Sensação parecida saboreou a advogada Mariana Belone durante a pré-estreia do espetáculo no Centro de Convivência, em Campinas. Inevitável: amor à primeira participação no teatro de rua. “Uma vez, em um circo, o palhaço já tinha me pegado para ajudar em uma brincadeira. No espetáculo Circulando por Campinas, foi bem diferente. Achei sensacional e não esperava que minha participação fosse tão divertida. Espetáculos como esse deveriam estar sempre presentes nas praças”, destaca Mariana.
Projeto Circulando
Financiado pela edição 2014 do FICC (Fundo de Investimentos Culturais de Campinas) na categoria Artes Cênicas, a turnê de Circulando por Campinas prevê a apresentação de dez espetáculos em diversas áreas da cidade. Além de espaços abertos ao público, como o Centro de Convivência, a Estação Cultura e a Lagoa do Taquaral, a temporada também aterrissará nas cinco unidades do Núcleo de Ação Educativa Descentralizada de Campinas (NAED).

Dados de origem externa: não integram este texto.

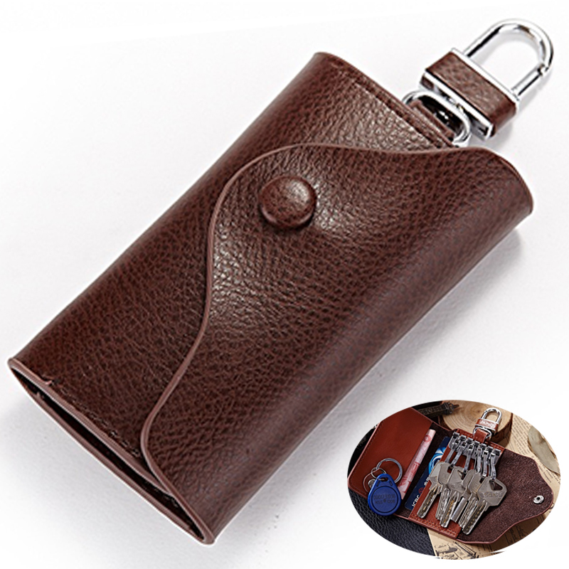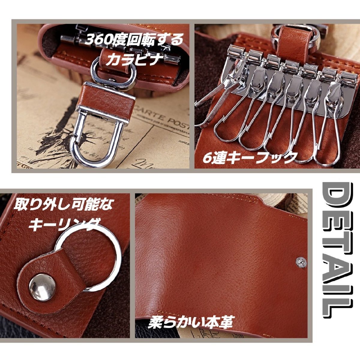 スマートキーケース 本革 カード収納 鍵入れ 車 キーホルダー 6連 男女兼用 コンパクト シンプル ダークブラウン
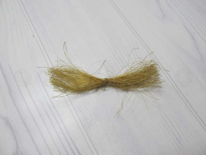 3. Делаем из пакли волосы, перевязав в середине той же нитью. Если вы используете джут, то воспользуйтесь острым предметом, чтобы распушить его концы. Середину аналогично придется плотно чем-то зафиксировать, чтобы конструкция не распалась на волокна. Общая длинна волос должна составлять ширине вашей тыквы.
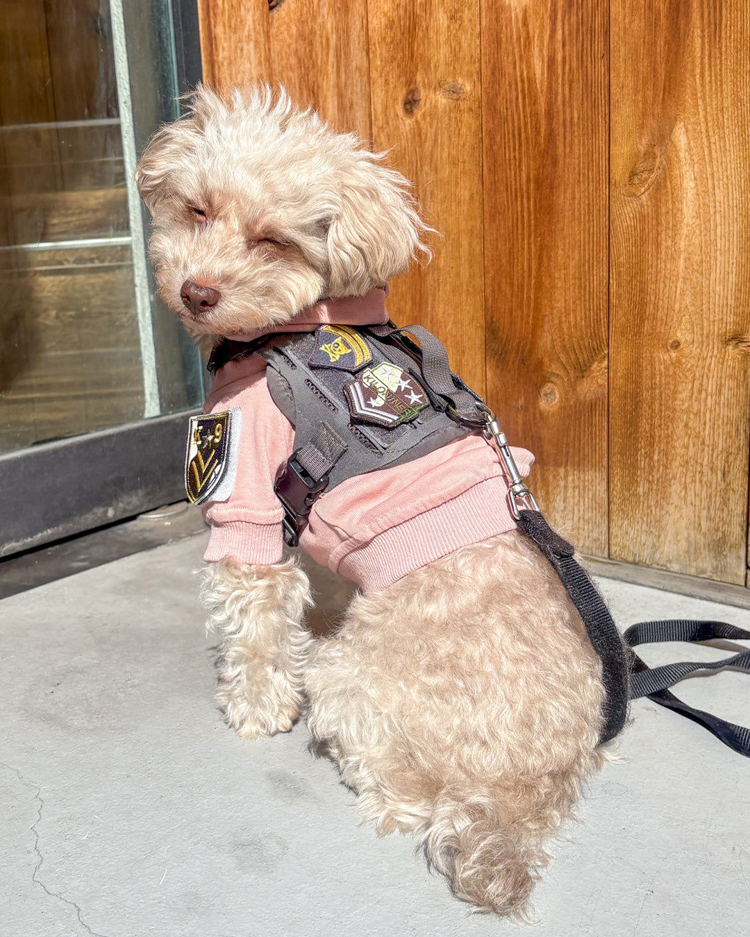 裏面は面ファスナーなので、アイロンや穴あけの必要も無く、簡単にハーネスやリードに貼り付けてカスタマイズが楽しめます。
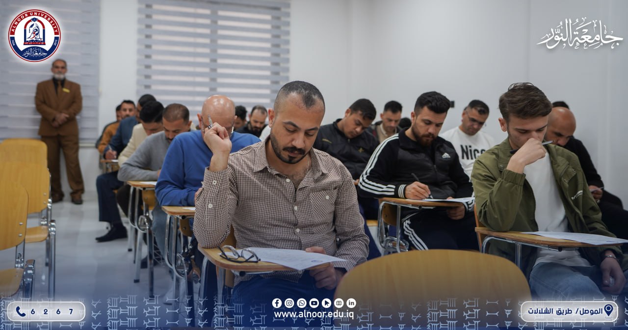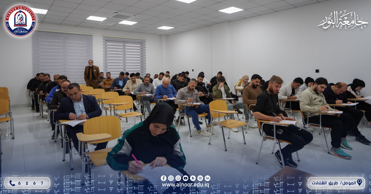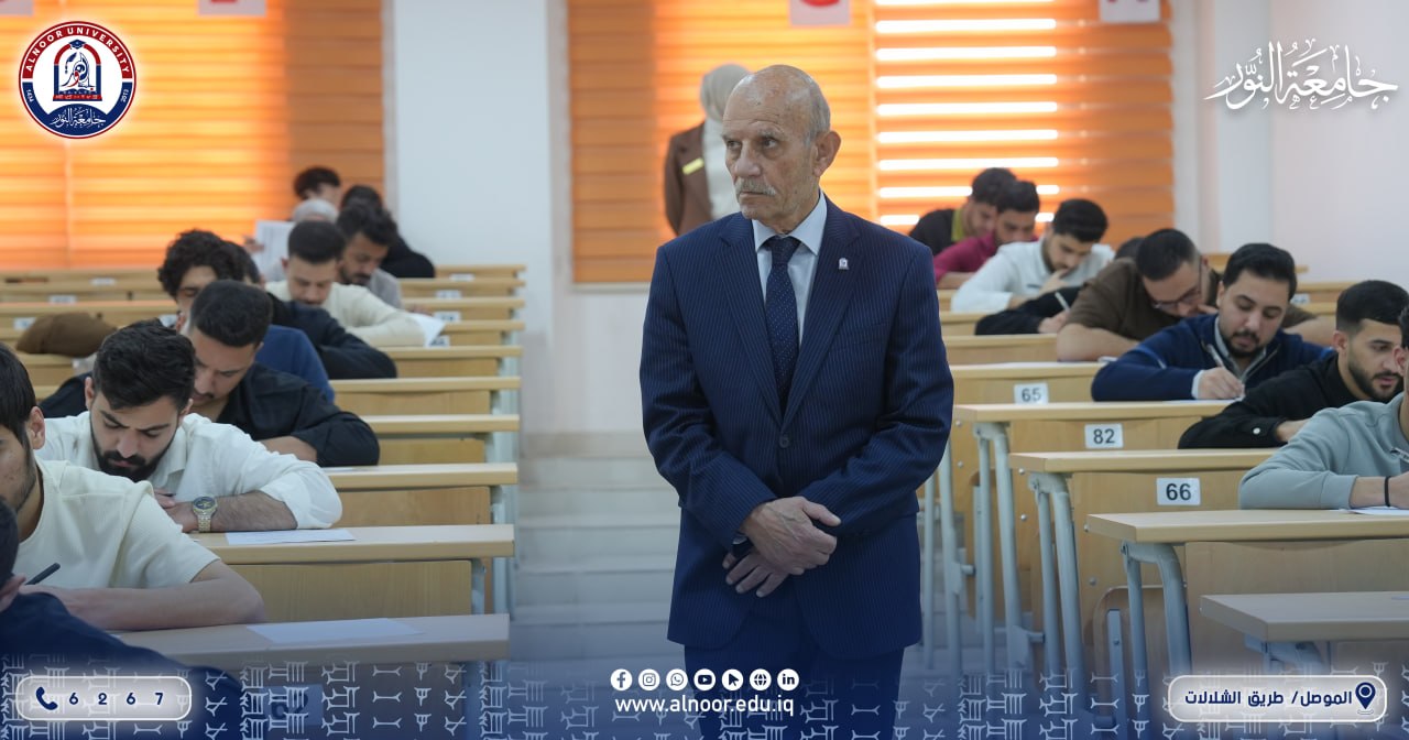 جرت صباح يوم الإثنين الموافق 2026/4/6 الامتحانات التجريبية للطلبة في جامعة النور بحضور الاستاذ الدكتور ياسين طه الحجار رئيس الجامعة، حيث أشرف الاستاذ الدكتور كامل علي عبد المحسن عميد الكلية التقنية الهندسية على طلبة المراحل مافوق الاولى في قسم هندسة الامن السيبراني وهم يؤدون الامتحانات التجريبية تمهيدا لخوض الامتحانات التقويمية،وجرت الامتحانات المشتركة مع الجامعة التقنية الشمالية لطلبة المرحلة الثانية في كلية التقنيات الادارية باشراف الاستاذ الدكتور موفق السيدية عميد الكلية وفريق من الجامعة التقنية الشمالية ،كما جرت الامتحانات التجريبية تمهيدا للامتحانات المشتركة لطلبة المراحل فوق الاولى في قسم التربية االبدنية وعلوم الرياضة في كلية التربية.
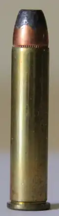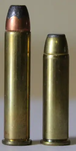 The .357 Maximum, formally known as the .357 Remington Maximum or the .357 Max, is a super magnum handgun cartridge originally developed by Elgin Gates as the wildcat .357 SuperMag.[1] The .357 Maximum was introduced into commercial production as a joint-venture by Remington Arms Company and Ruger in 1983 as a new chambering for the Ruger Blackhawk.[2] Shortly thereafter, Dan Wesson Firearms and Thompson/Center Arms introduced firearms in this cartridge. United Sporting Arms chambered it in their Silhouette series single-action revolvers. It is a .357 Magnum case lengthened 0.300 inches (7.6 mm).[3] Based on the .357 Magnum cartridge, a revolver or single-shot pistol designed for the .357 Remington Maximum will chamber and fire the .360 Dan Wesson, .357 Magnum, .38 Special, .38 Long Colt, and .38 Short Colt cartridges. Intended primarily as a silhouette cartridge, such high velocity and energy levels have hunting applications.[2] SAAMI pressure level for this cartridge is set at 40,000 pounds per square inch (280 MPa).[4][5][6]
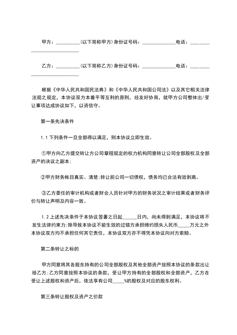 根据《中华人民共和国民法典》和《中华人民共和国公司法》以及其它相关法律法规之规定,本协议双方本着平等互利的原则,经友好协商,就甲方公司整体出/受让事项达成协议如下,以资信守。
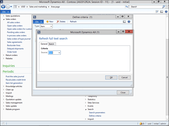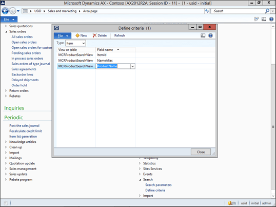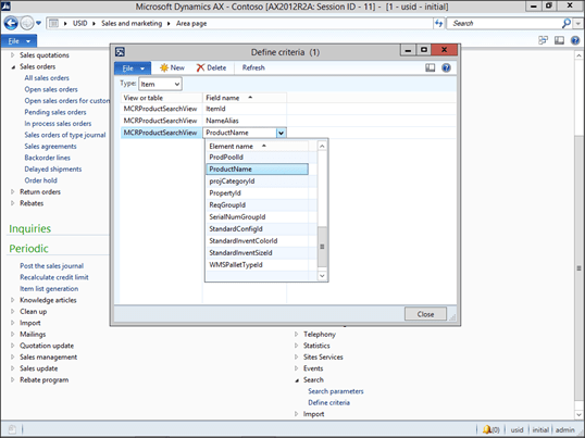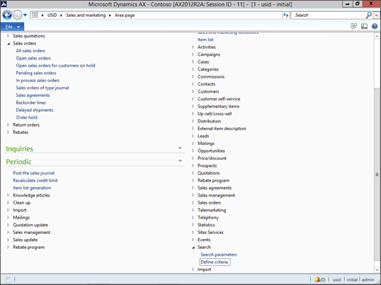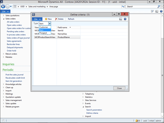 Now we need to configure the fields that we will be searching on. To do this, click on the Define Criteria menu item within the Search folder of the Setup group within the Sales and Marketing area page.
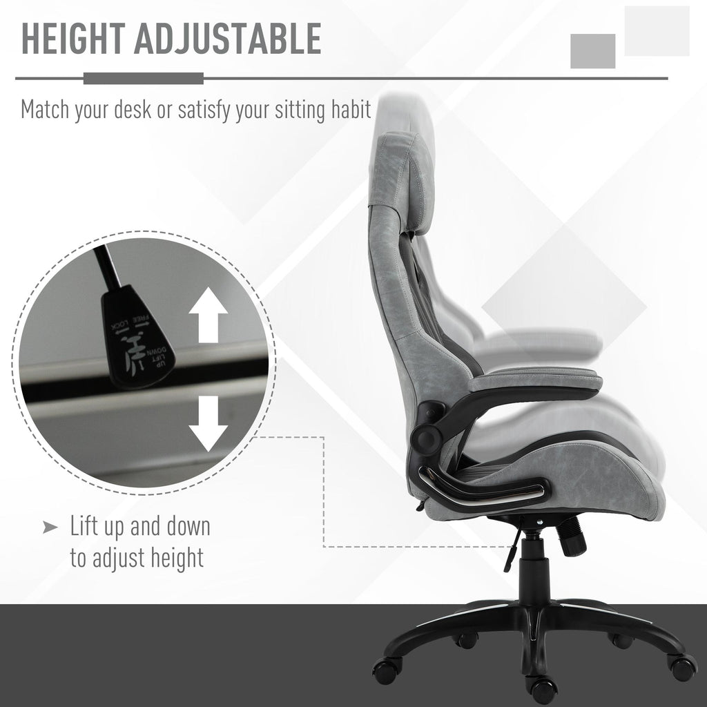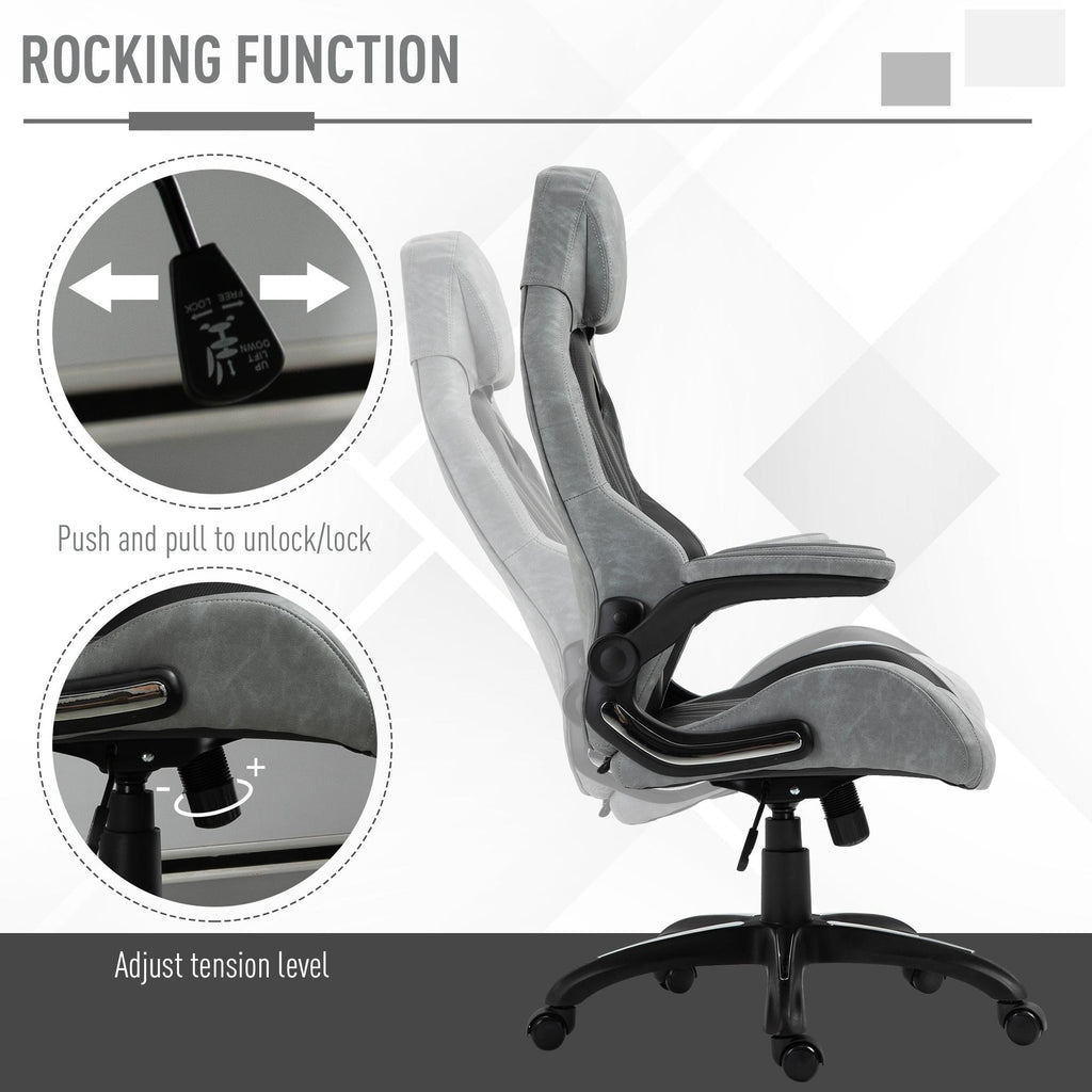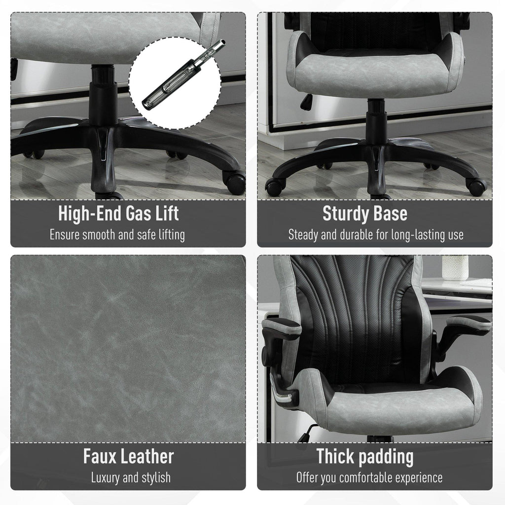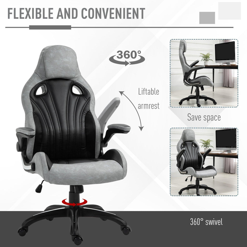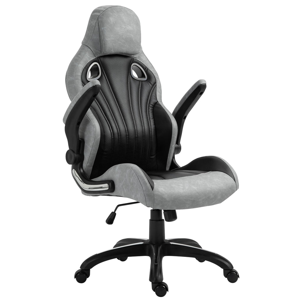 Drehbarer Gaming-Stuhl mit Liegefunktion aus schwarzem und grauem Kunstleder
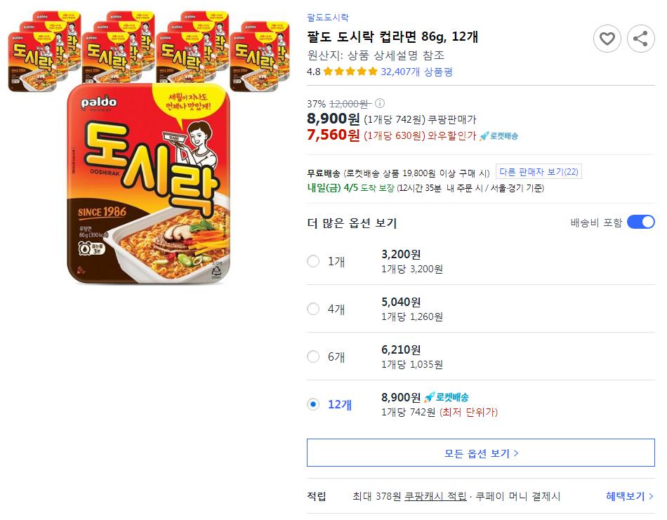 [쿠팡] 팔도 도시락 컵라면 86g, 12개 와우할인가
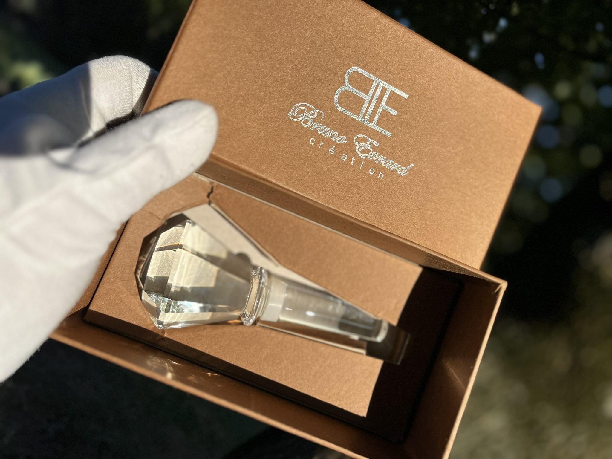 Bohemiai kristályból készült, elegáns pezsgődugó a neves Bruno Evrard Creation tervezőtől, aki az Art de la Table területének egyik kiemelkedő alkotója.

Detalhe: Circulando por Campinas se trata de uma ramificação dentro de um ousado projeto nacional capitaneado pela Los Circo Los, o Circulando Por AÍ. Ainda em fase de inscrição e aprovação em editais estaduais e nacionais, a ação prevê novas turnês do espetáculo por todas as regiões do Brasil, entre as quais Circulando Sobre Rodas (cidades do Estado de São Paulo) e Circulando na Real (municípios da Estrada Real). “A natureza do espetáculo permite isso: circular com o Circulando por lugares que a gente possa imaginar e até mesmo não imaginar”, resume Vitor.
A trupe
A Los Circo Los nasceu a partir de um encontro casual entre os artistas Rodrigo Mallet e Vitor Poltronieri. Desde o início da trupe, em 2004, a dupla investiga as inúmeras potencialidades e os diversos encontros possibilitados pelas virtuoses das artes circenses, entre as quais o malabarismo, as acrobacias individuais e coletivas, bem como a palhaçaria clássica dos picadeiros. No repertório, além de Circulando por Campinas, a trupe conta com outros três espetáculos: A Magia do Circo, Versão Brasileira e OlimPIADAS. Em 11 anos de estrada, a Los Circo Los arrebatou diversos prêmios em festivais pelo Brasil, entre os quais Festival de Teatro das Agulhas Negras (FESTAN) e Festival de Teatro de Paraguaçu Paulista (FETEAPP).